I have a word problem im not sure how to solve regarding arc length

A radius of 93,000,000 miles measured between the earth and the sun at a central angle measuring 31 feet. Find the diameter of the sun(arc length in this case)

How do I solve with the central angle measured in feet?

2. Originally Posted by rusty1363
I have a word problem im not sure how to solve regarding arc length

A radius of 93,000,000 miles measured between the earth and the sun at a central angle measuring 31 feet. Find the diameter of the sun(arc length in this case)

How do I solve with the central angle measured in feet?
central angle from where? is there a diagram given?

it might help if you post the problem exactly as it is written.

3. yes there is a picture but ill write the text verbatim: At a time when the earth was 93,000,000 miles from the sun, you observe through a tinted glass that the diameter of the sun occupied an arc of 31'. Determine to the nearest ten thousand miles the diameter of the sun. Hint: Because the radius of arc AB is large and the central angle is small, the length of the diamater of the sun is approx. the length of the arc AB.

So the central angle is measured from the earth from the two radii that form the arc AB (the diameter of the sun).

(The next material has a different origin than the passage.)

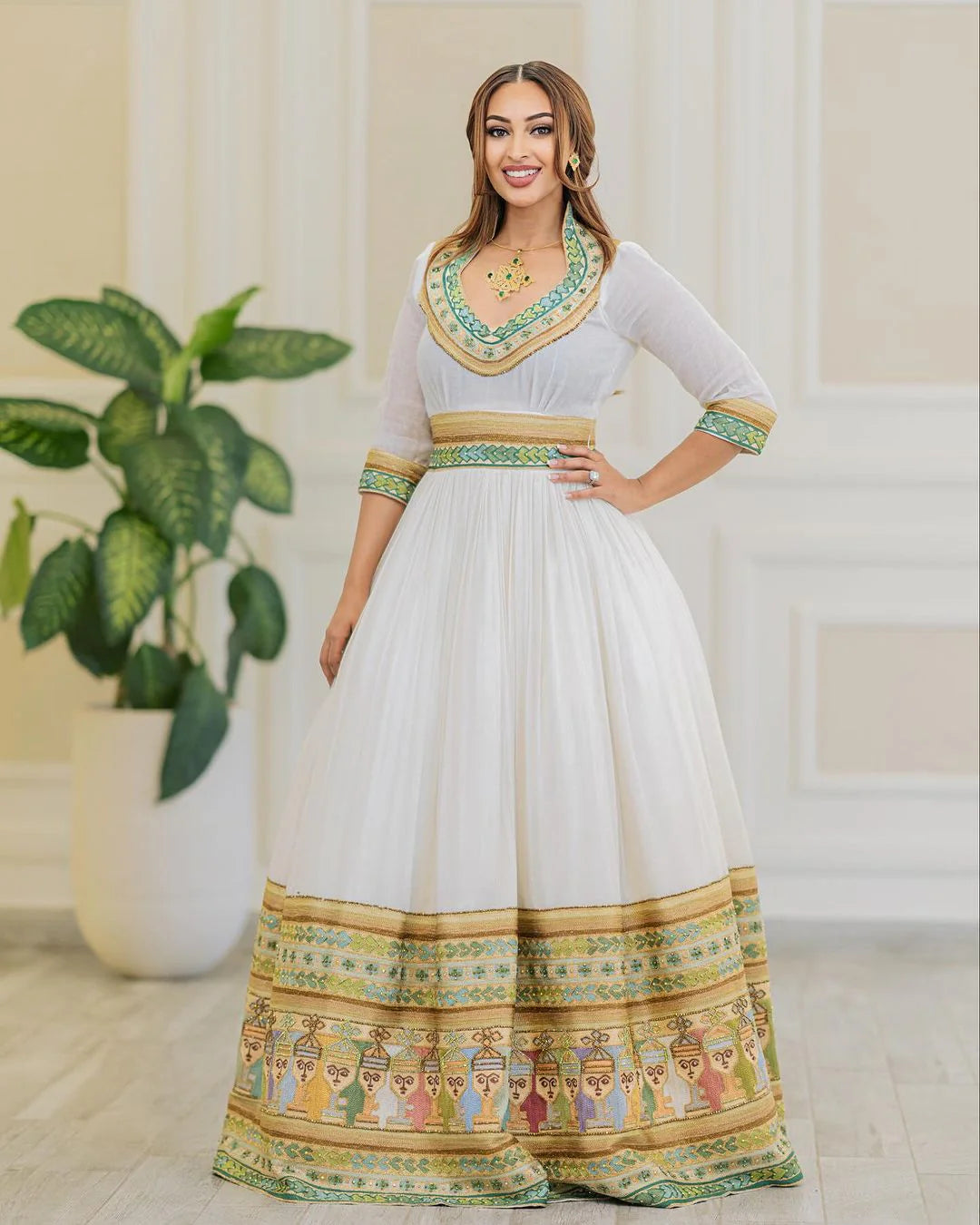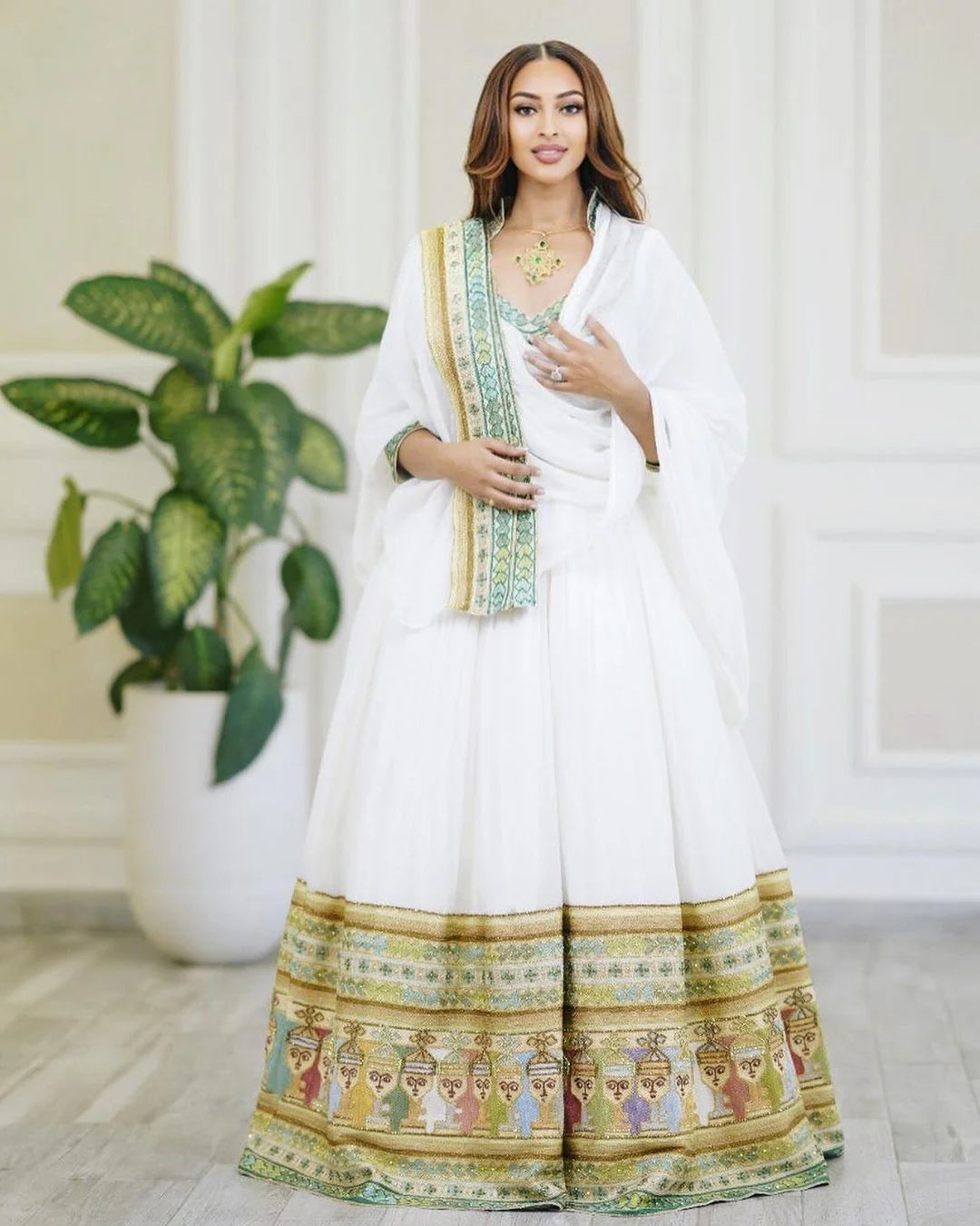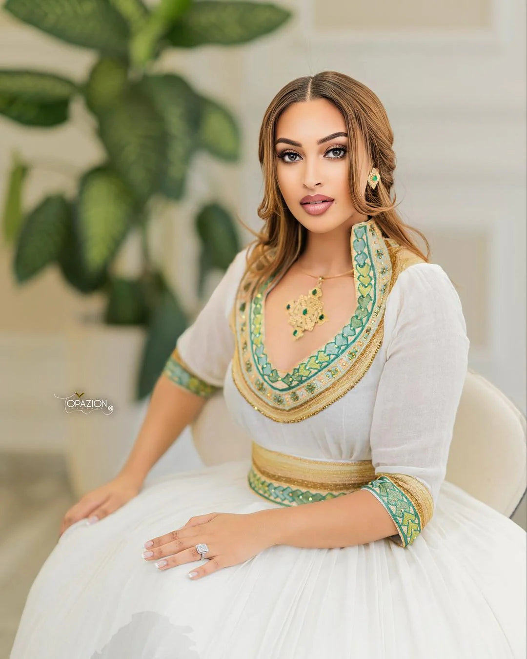 Celebrate your special day with our Wedding Habesha Kemis—an elegant handwoven dress crafted from Menen fabric and adorned with intricate embroidery. This vibrant creation embodies cultural heritage and timeless beauty.

4. Originally Posted by rusty1363
yes there is a picture but ill write the text verbatim: At a time when the earth was 93,000,000 miles from the sun, you observe through a tinted glass that the diameter of the sun occupied an arc of 31'. Determine to the nearest ten thousand miles the diameter of the sun. Hint: Because the radius of arc AB is large and the central angle is small, the length of the diamater of the sun is approx. the length of the arc AB.

So the central angle is measured from the earth from the two radii that form the arc AB (the diameter of the sun).
arc length formula ...

$\displaystyle s = r \cdot \theta$

$\displaystyle r$ = 93 million miles

$\displaystyle \theta$ = central angle in radians

fyi, ... 31' = 31 minutes of arc, not feet

you'll have to convert 31' to radians for $\displaystyle \theta$

5. ok thanks!